This dissertation investigates the integration of two sources of non-conformity – exceptionality and variation – in a single phonological system. Exceptionality manifests itself as systematic non-conformity, and variation as partial or variable non-conformity. When both occur within the same phenomenon, this is particularly challenging for the linguistic system. Modern Hebrew spirantization provides an apt case study for the investigation of the interaction of these two sources of non-conformity where exceptional (non-alternating) segments are frequent, and variation in alternating segments has been reported (Adam 2002). This dissertation makes contributions in the forms of both data and analysis. Its goals are to provide a description of exceptionality and variation in Modern Hebrew spirantization and an analysis which incorporates alternation, exceptionality and variation.
To collect data for the description of Modern Hebrew spirantization in verbal paradigms, an experimental rating task was conducted. Its goal was to examine speakers’ acceptance of variation in both alternating and exceptional segments in Modern Hebrew spirantization, where stops and fricatives alternate, with the latter occurring in post-vocalic contexts and the former occurring elsewhere. The results establish that variation is at least somewhat acceptable in both alternating and exceptional segments, and is significantly more acceptable in alternating segments than in exceptional ones. Moreover, speakers showed a preference for the expected forms of both types of segments (i.e. the non-alternating form in exceptions, and post-vocalic fricatives or word-initial and post-consonantal stops in alternating segments). Importantly, the results also show that variation in both types of segments is gradient.
To account for alternation, exceptionality, and variation in relation to a single phonological process, I propose a model combining the set-indexation approach for exceptionality (Pater 2000) with stochastic OT and the Gradual Learning Algorithm for gradience in variation (Boersma 1998; Boersma & Hayes 2001; Hayes & Londe 2006; Hayes & MacEachern 1998; Zuraw 2000). I call this the ‘combined model’. I show that neither approach is able to account for both sources of non-conformity on its own; set-indexation allows only for categorical distinctions between alternation and exceptionality, whereas ranking distributions in stochastic OT limit the possible range of constraint interactions to account only for variation.
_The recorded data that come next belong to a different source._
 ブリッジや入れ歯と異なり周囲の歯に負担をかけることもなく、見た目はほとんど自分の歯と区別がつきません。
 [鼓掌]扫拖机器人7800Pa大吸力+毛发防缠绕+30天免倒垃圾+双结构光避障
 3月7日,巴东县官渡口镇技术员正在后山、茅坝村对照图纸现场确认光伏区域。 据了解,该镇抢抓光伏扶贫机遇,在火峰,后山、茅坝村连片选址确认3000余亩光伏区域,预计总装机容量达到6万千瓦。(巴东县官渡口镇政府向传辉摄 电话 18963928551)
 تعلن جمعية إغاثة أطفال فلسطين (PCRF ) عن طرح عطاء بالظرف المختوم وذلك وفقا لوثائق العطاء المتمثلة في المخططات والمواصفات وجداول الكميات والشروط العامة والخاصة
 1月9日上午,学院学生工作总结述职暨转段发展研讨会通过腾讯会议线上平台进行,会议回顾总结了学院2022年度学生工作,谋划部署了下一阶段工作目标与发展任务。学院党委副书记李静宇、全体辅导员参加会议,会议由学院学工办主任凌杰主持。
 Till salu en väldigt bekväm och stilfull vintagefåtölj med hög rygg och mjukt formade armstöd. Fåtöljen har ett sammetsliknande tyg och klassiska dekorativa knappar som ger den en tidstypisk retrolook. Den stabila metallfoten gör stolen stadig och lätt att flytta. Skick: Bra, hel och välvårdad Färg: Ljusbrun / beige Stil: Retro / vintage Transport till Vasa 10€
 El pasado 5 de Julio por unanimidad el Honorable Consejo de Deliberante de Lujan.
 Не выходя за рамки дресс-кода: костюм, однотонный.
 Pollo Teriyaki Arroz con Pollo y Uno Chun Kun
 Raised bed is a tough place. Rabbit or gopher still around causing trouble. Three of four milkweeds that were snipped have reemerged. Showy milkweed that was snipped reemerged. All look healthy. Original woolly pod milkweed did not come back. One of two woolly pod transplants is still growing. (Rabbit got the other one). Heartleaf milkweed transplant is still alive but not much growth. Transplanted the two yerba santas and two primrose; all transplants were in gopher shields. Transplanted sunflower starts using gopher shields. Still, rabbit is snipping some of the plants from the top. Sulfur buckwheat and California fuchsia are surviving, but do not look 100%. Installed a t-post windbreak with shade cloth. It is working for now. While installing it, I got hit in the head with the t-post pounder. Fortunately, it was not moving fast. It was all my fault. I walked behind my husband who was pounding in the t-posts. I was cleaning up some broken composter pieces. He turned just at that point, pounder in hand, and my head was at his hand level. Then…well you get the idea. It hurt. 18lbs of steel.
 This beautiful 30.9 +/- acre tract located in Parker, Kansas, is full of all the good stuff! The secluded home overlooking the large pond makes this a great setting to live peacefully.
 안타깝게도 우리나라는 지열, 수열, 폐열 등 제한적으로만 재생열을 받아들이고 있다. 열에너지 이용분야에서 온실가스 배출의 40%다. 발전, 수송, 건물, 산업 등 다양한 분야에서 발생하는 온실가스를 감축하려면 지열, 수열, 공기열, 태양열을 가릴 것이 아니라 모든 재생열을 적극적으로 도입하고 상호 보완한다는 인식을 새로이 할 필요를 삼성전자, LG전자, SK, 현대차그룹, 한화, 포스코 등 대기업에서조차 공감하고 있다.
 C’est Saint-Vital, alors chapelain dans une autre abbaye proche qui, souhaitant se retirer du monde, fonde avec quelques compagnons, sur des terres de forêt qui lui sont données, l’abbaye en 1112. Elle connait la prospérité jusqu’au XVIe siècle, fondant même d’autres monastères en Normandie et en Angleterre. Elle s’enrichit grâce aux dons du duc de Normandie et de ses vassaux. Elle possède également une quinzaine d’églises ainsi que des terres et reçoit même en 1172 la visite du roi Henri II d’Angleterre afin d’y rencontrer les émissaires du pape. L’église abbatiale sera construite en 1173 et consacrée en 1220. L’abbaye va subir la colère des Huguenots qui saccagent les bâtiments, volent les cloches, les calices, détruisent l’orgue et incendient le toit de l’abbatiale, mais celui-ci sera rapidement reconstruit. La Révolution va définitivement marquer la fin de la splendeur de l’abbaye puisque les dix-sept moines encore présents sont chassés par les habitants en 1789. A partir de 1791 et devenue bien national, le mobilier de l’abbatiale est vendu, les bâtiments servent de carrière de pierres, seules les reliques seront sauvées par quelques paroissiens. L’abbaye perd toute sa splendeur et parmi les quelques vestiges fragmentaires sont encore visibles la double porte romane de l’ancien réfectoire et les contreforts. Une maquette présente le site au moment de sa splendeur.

Looking forward, implementing the acquisition of these patterns in current models of the learning algorithms results in a paradox. In particular, set-indexation and stochastic constraint rankings both presuppose that the mechanism they do not account for is established by a different mechanism – set-indexation is only implemented once variation and speech errors have been ruled out as the cause for non-alternation, whereas in order to provide the stochastic constraint rankings accounting for acceptability of variation in all tokens, set-indexation must have already been implemented. This study therefore opens new avenues for research directions involving learning algorithms, which are open to future refinement in handling patterns of non-conformity.